哈密顿动力系统周期轨道的多重性与稳定性研究

This project involves several subjects such as Hamiltonian system, differential geometry, mathematical physics and so on. Based on our systematic, innovative ideas and basis in the iteration theory of Maslov-type index during these years, we will establish the quasi-periodicity, common index quasi-periodicity and the symmetry of common index jump for iterated indices of periodic orbits. Then these properties will be further developed at the relative homology group level, which will be applied to deal with some difficulties such as the loss of index monotonicity, non-convexity of manifolds and non-reversibility of metrics. As applications, we will consider the following problems：the multiplicity of closed geodesics on every compact, simply-connected manifold; the sharp lower bound for the number of closed geodesics on every non-degenerate compact simply-connected manifold; the better lower bound for the number of closed geodesics under the pinching condition of the flag curvature; the multiplicity and stability of (symmetric) closed characteristics on (symmetric) compact convex or star-shaped hypersurfaces on $R^2n$. In addition, we also consider the counting problem of central configurations and the linear stability of elliptic periodic orbits in the N-body problem. These topics have extensive physical background and important theoretical significance. In recent years, researches in these fields are very active. The propose of this project is based on our solid background in the study on these topics and results we obtained, which have caused concern and interests of researchers in these fields.

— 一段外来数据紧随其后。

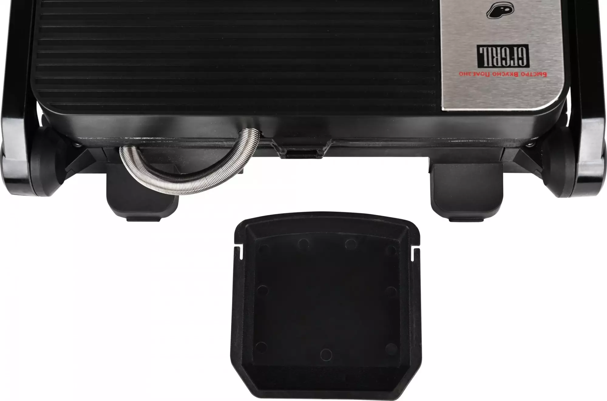 ОсобенностиАнтипригарное покрытие панелей позволит готовить любимые блюда без добавления масла, а лишний жир, который вытапливается из продуктов во время приготовления, стекает по бороздкам панелей в специальный съемный лоток, который крепится в нижней части гриля.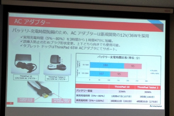 一方キーボードケースに関しては、Pogo PinインターフェースでUSB 2.0接続する。従来はBluetooth接続だったが、企業で大量導入する際にはペアリング作業に手間がかかるため、USBとした。また今回からACアダプターはMicro-USBではなく、専用コネクターになった。これは充電時間を短縮するためだ。USBは10Wまでという制約があり、5%→80%の充電に3時間かかっていたが、ThinkPad 10では36Wのアダプターを使用し、100分で80%充電できるようにした。裏表がわかりにくく差しにくいという点も初心者が含まれる企業ユーザーにとってメリットになるという。

本课题涉及哈密顿系统、微分几何与数学物理等多个学科。基于本课题组在Maslov-型指标迭代理论方面多年的系统的创新性思想和已有基础，我们将建立周期轨道的迭代指标的拟周期性、公共指标拟周期性、公共指标跳跃的对称性等性质，并把这些性质发展到同调上，用于处理迭代指标缺乏单调性、流形缺乏凸性、度量缺乏可逆性等带来的困难。作为应用，我们考虑如下的问题：任意紧单连通流形上闭测地线的多重性；任意非退化紧单连通流形上闭测地线条数的最优下界；旗曲率两边夹条件下闭测地线条数的更好下界；2n维欧式空间中（对称）紧凸或星型超曲面上（对称）闭特征的多重性和稳定性。另外，我们也将考虑N-体问题中的中心构型的计数和椭圆周期轨道的线性稳定性问题。这些问题具有广泛的物理背景和重要的理论意义。近年来国际上该领域的研究十分活跃。本项目的提出是基于我们在此课题研究中已具备的扎实的基础和做出的引起国际同行关注和感兴趣的研究成果。

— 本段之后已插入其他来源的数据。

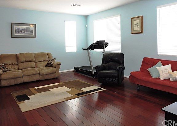 Welcome to Hesperia! This is a K Hovanian Two Story Home, formally one of the Model Homes. This can be a 4, 5 or 6 Bedroom Home! Right now it's being used as an 4 bedroom home. Open the front door and walk into a huge Living Room with wood floor. Walk into the big Kitchen with Corian Counters, extended cabinets and counter that's perfect for parties, an Island, extra storage, tile floors and comes with a Pantry. Family Room with Fireplace and a storage cabinet to put TV on it but it's being used as an addition to the kitchen with table and chairs for eating area. Down stairs bedroom is being used as a guest room and also has a full bathroom nearby. Master Bedroom with balcony and an jointing room used as master sweet/office which can me made to another bedroom. Master Bathroom with dual sinks, shower stall, bathtub, private toilet with door and a bright spacious walk-in closet with windows. Two bedrooms both with mirror closets, remodeled bathroom with two sinks, newer tube with tile. Separate laundry room upstairs and a play area near the stairs which can be converted to a bedroom. Solar Panels Too. Come and check it out.

本项目研究的科学问题涉及微分几何、哈密顿系统与天体力学等方向的一些基本问题，具有较强的物理学背景，是近年来国际研究的热点。项目主要的研究内容包括：流形上的闭测地线、哈密顿系统中给定能量面上的闭特征、辛道路指标的迭代理论，N-体问题中的椭圆周期解的线性稳定性。目前，对上述问题的研究存在一定的困难，本项目的特色和优势是指标迭代理论的进一步发展和应用。项目组成员在包括《Arch. Rational Mech. Anal.》、《Ann.I.H.Poincare-AN》、《Calc. Var. PDE》、《Nonlinearity》、《J. Differential Equations》等国际数学知名期刊上发表SCI论文16篇。主要成果包括：（1）在非退化和弱的指标条件下，证明了2n维欧式空间的紧星型超曲面上的闭特征的条数达到最优的下界；（2）证明了2n维欧式空间中的任意动力凸星型超曲面上至少存在n条闭特征（这里n=3或4）的长期多重性猜想；（3）建立了有界区间上线性哈密顿系统针对拉格朗日边值的Hill-型公式；（4）考虑了n体问题的椭圆相对平衡解、欧拉-Moulton共形解的线性稳定性，得到了其线性稳定与不稳定区域的分歧图;（5）把Krein-Lyubarski定理从解析线性推广到光滑非线性的情形等。本项目取得的成果引起了国际同行的关注和本质引用。项目执行期间，项目成员获得中国数学会第十三届华罗庚数学奖1项，获得2017年天津市数学会青年学术奖一等奖1项，培养博士后与研究生14名，举办国际国内学术会议4次，召集国际会议小组论坛1次，出国访问6次，参加国际会议7次，国际国内会议做邀请报告19次等。